Trailer Un monstruo viene a verme.
Durée : 02:34

Effets spéciaux impressionnants, réalisation sans fausse note et larmes garanties, le film a largement atteint ses objectifs commerciaux. Reste, pour le spectateur, la sensation d’être face à un produit dépourvu d’identité. Dans ce film tourné en anglais avec des acteurs hollywoodiens comme Sigourney Weaver, Felicity Jones (le dernier Star Wars) ou Liam Neeson, il est impossible de deviner qu’il s’agit d’un film espagnol.

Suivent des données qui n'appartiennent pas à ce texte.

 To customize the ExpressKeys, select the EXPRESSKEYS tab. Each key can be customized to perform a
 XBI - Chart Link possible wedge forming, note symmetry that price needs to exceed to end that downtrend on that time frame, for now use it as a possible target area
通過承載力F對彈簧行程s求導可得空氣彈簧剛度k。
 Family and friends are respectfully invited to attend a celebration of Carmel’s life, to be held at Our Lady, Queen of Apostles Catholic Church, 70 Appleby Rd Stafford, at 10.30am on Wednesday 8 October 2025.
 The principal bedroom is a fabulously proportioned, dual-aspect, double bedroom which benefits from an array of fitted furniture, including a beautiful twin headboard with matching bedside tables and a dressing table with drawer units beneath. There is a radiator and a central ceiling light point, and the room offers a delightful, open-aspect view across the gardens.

Effets spéciaux, acteurs, langue… Les grosses productions du cinéma espagnol (ici, « Un monstruo viene a verme ») semblent tout droit sorties d’Hollywood. | METROPOLITAN FILMEXPORT

Comme plusieurs succès au box-office du pays des dernières années, Un monstruo viene a verme emprunte les techniques, et surtout la langue, du cinéma anglo-saxon. « Évidemment, nous préférons tourner en castillan, mais si nous voulons faire un film de plus de 5 millions d’euros de budget, soit nous devons le tourner en anglais, soit c’est un investissement à perte », explique le Français Ghislain Barrois, directeur délégué de Telecinco Cinema, société coproductrice du film.

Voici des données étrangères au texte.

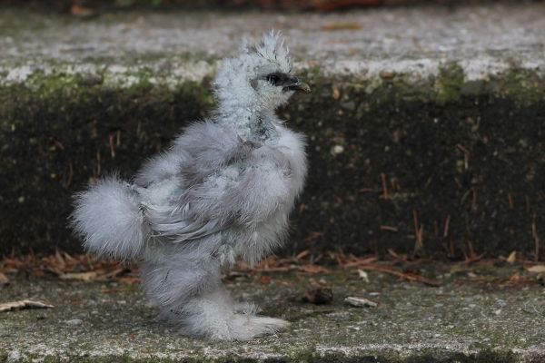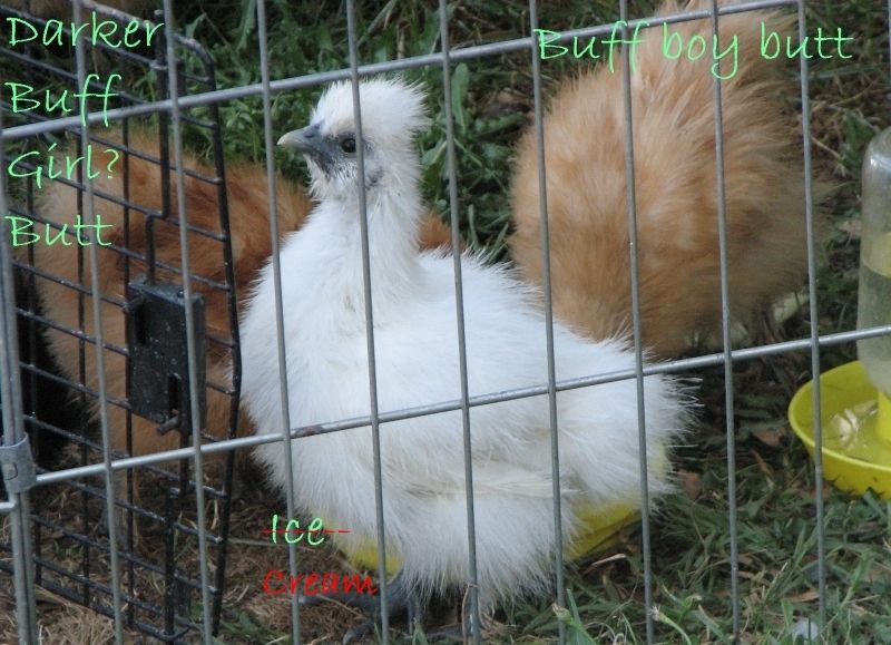 Yours are so cute. I am glad to hear that this to shall pass. I look at them and kinda of wonder did I get messed up versions. There is a good size difference between the two white silkies. One was much smaller; yet spunky.I don't know why - but that stage is my absolute favorite stage. The gawky teenage stage with the firecracker tails and hair up in rollers.. It goes away so quickly (sort of like the fluffy down stage) but they are just adorable! Mine are at the "little adult" stage - mini copies of what they will be when they get bigger: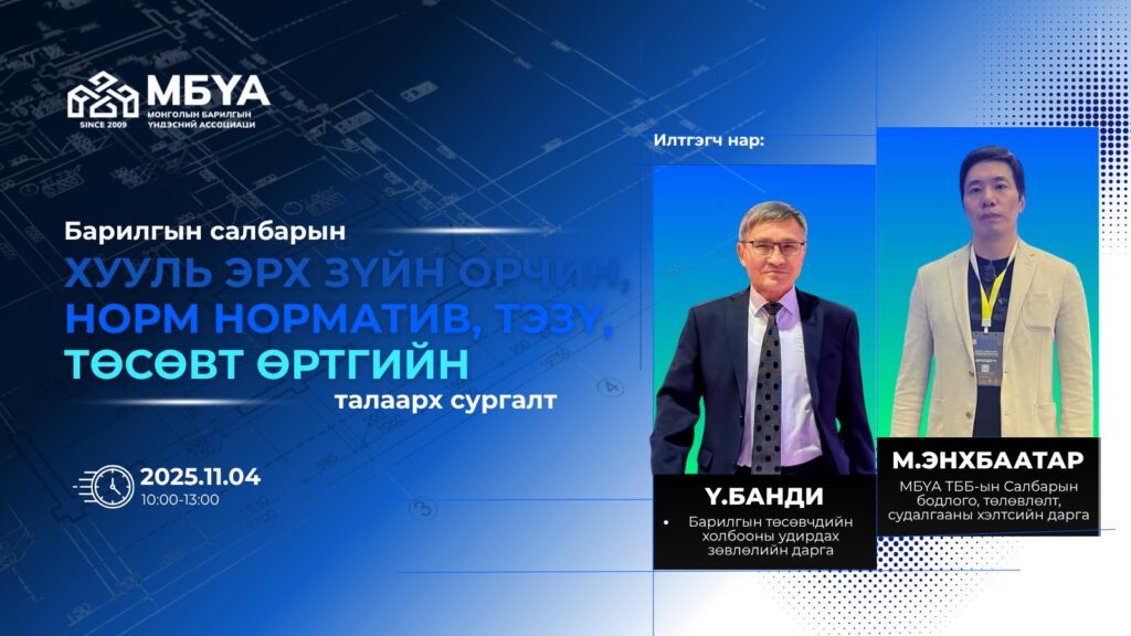 Монголын Барилгын Үндэсний Ассоциаци ТББ-ийн Салбарын бодлого, төлөвлөлт, судалгааны хэлтсийн дарга М.Энхбаатар барилгын үйл ажиллагааны тусгай зөвшөөрлийн шинэ суурь нөхцөл, шаардлага болоод 2025.09.05-ны өдрөөс Зөвшөөрлийн нэгдсэн систем license.mn цахим системээр авдаг болсон тухай болон барилгын зураг төслийн магадлал, салбарын хяналтын тогтолцооны талаар мэдээлэл өглөө.

Un tremplin vers Hollywood

C’est le grand paradoxe du cinéma espagnol : malgré 500 millions d’hispanophones dans le monde, il est très difficile de rentabiliser les grandes productions tournées dans la langue de Cervantes. « Nous cherchons à y remédier en créant un star-system qui permette aux acteurs de marcher des deux côtés de l’Atlantique, mais c’est très compliqué », souligne Ramon Colom, président de la Confédération des producteurs audiovisuels espagnols (Fapae). En attendant, pas question de se lamenter sur les risques d’une américanisation du cinéma espagnol. « Que les films ressemblent au cinéma américain dans la façon de tourner, de monter, les contrastes de couleurs, les plans, ce n’est pas mauvais en soi. Le scénario, souvent, conserve une part de l’identité espagnole », défend Ramon Colom. « Les tournages ont lieu majoritairement en Espagne, ce qui permet à ces films de servir de tremplin vers Hollywood pour les techniciens du cinéma espagnols », ajoute Ghislain Barrois.

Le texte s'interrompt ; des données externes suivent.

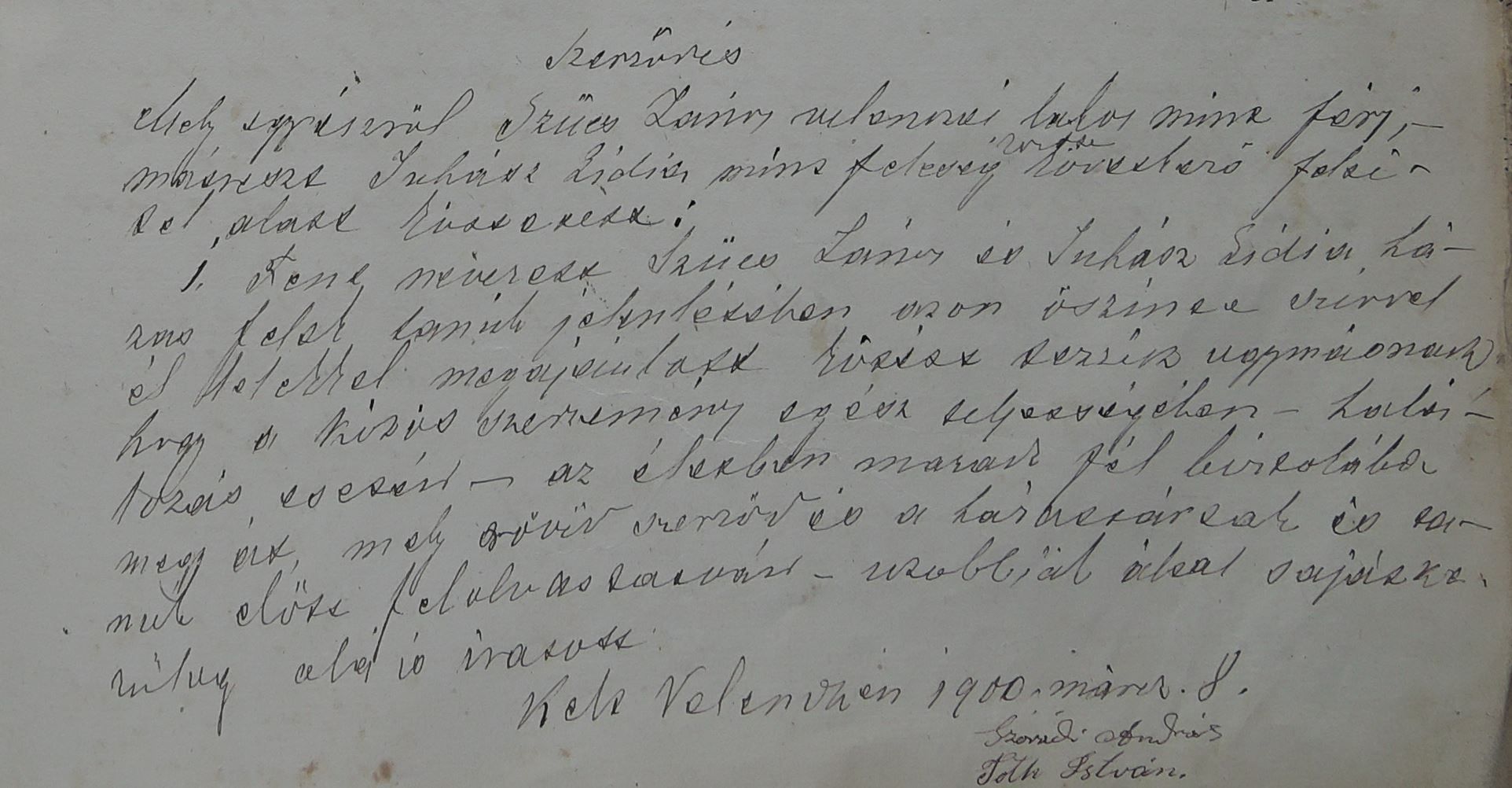 Mely egyrészrül Szücs János velenczei lakos mint férj- másrészrül Juhász Szófia mint feleség között a következő … alatt … : 1.Fent nevezett Szücs János és Juhász Szófia házas felek tanúk jelenlétében azon őszinte érzéssel és … … hogy a közös szerzemény egész teljességében halálozás esetén-az életben maradt fél birtokába megy át. Mely szerződés halál előtt felbonttatik helyben hagyásra sajátkezüleg alá is irattatik. Kelt Velenczén 1900. márczius 8. Szórádi András Tóth István” |

Fiers de leurs blockbusters

La multiplication des films tournés en anglais, par choix ou par obligation, ne fait guère polémique en Espagne. En 2012, The Impossible, de Juan Antonio Bayona, également en anglais, avait raflé cinq Goyas (l’équivalent des Césars). « Le fait qu’il ait été tourné en anglais est une chose à laquelle nous devons nous habituer », avait alors lancé le ministre de l’éducation, de la culture et des sports, José Ignacio Wert. Le critique de cinéma Jordi Costa estime même que les Espagnols ont une certaine « fierté » à voir des films nationaux prendre des allures de blockbuster. « Lorsque Alejandro Amenabar a tourné son premier film, Tesis, le public espagnol l’a salué en disant : “Enfin un film qui a l’air américain !” »

Amenabar est devenu le plus célèbre représentant de ces réalisateurs espagnols qui tournent en anglais. Depuis 2002, et son Goya du meilleur film pour Les Autres, avec Nicole Kidman, le mouvement a pris de l’ampleur. Au Festival international du film fantastique de Catalogne à Sitges, qui s’est tenu en octobre, les quatre films espagnols projetés ont tous été tournés en anglais : outre le film de Bayona, Inside, de Miguel Angel Vivas, adapté du film français À l’intérieur, Colossal de Nacho Vigalondo et Proyecto Lazaro de Mateo Gil. De quoi faire dire au critique du quotidien El País, Gregorio Belinchon, qu’au Festival « on n’entendait parler espagnol que dans les films mexicains ».

« Quelques minutes après minuit » (1 h 48), de Juan Antonio Bayona. En salles le 4 janvier.